Authlete provides the following content on logging in to the console as test2. The client information that test1 has added is shown there.

multiple-developer-accounts_6

Example 3: login using test3/test3

So, what happens when a user in a different group attempts to log in to the console? Assume that the user logs out from the console and attempts to log in again using test3/test3 .
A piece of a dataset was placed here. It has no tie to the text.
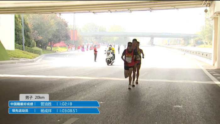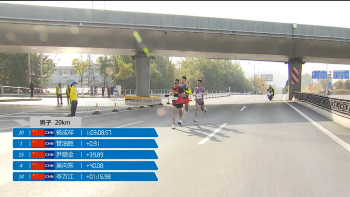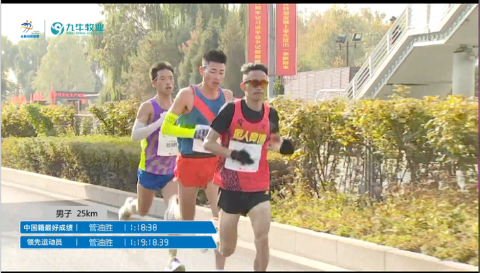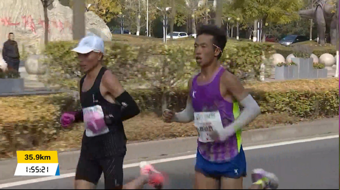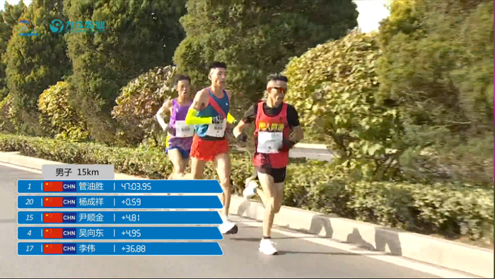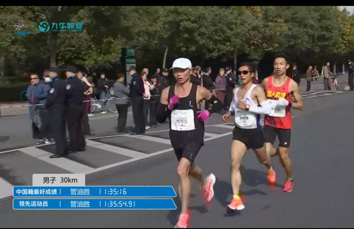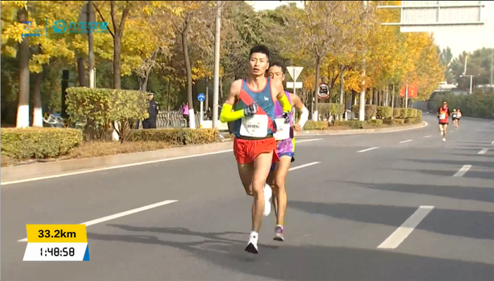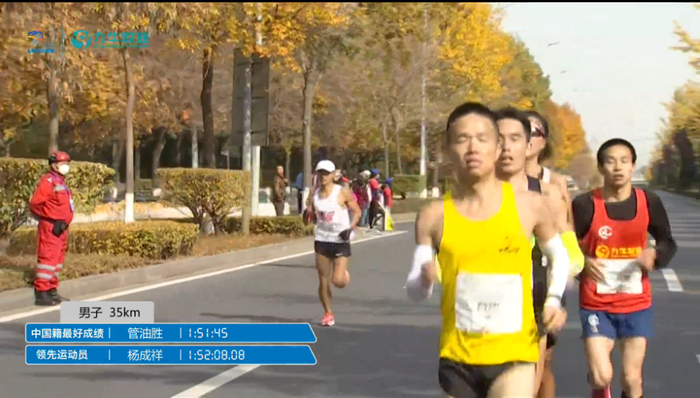 35公里用时1:52:08左右,均速3分12秒,此时杨成祥开始加速甩开了管油胜,现在还能加速,真是厉害了;管油胜逐渐落后与岑万江并驾齐驱:

multiple-developer-accounts_7

The Authlete service sends the following request to the Web API.

POST / HTTP/1.1
Accept: application/json
Authorization: Basic base64(<API Key>:<API Secret>)
Content-Type: application/json
Host: <Web API Hostname>
...
{"expiresIn":0,
"id":"test3",
"password":"test3",
"serviceApiKey":<Service API Key>}

The Web API would determine that the subject and the displayName are dev02 and Developer Group 02 respectively, and make the following response to Authlete.

HTTP/1.1 OK
Content-Type: application/json; charset=UTF-8
Content-Length: 70
{
  "authenticated": true,
  "subject": "dev02",
  "displayName": "Developer Group 02"
}

As a consequence, Authlete allows the user to log in to the Developer Console as dev02 , which is different to the previous examples. Note that the client information that was added by the user who logged in as test1 is not shown in Your Apps section.

multiple-developer-accounts_8

Example 4: login using test4/test4

Lastly, assume that the user logs out from the console and attempts to log in again using test4/test4 .

multiple-developer-accounts_9

The Authlete service sends the following request to the Web API.

POST / HTTP/1.1
Accept: application/json
Authorization: Basic base64(<API Key>:<API Secret>)
Content-Type: application/json
Host: <Web API Hostname>
...
{
  "expiresIn":0,
  "id":"test4",
  "password":"test4",
  "serviceApiKey":<Service API Key>
}

The attempt is expected to be failed as the status of test4 is suspended . The Web API would make the following response to Authlete.

HTTP/1.0 200 OK
Content-Type: application/json; charset=UTF-8
Content-Length: 24
{"authenticated":false}

Authlete parses the response and denies the login attempt.

multiple-developer-accounts_10

As described in the examples above, you can allow each of multiple users with ID/password to log in to Developer Console, by implementing an Web API.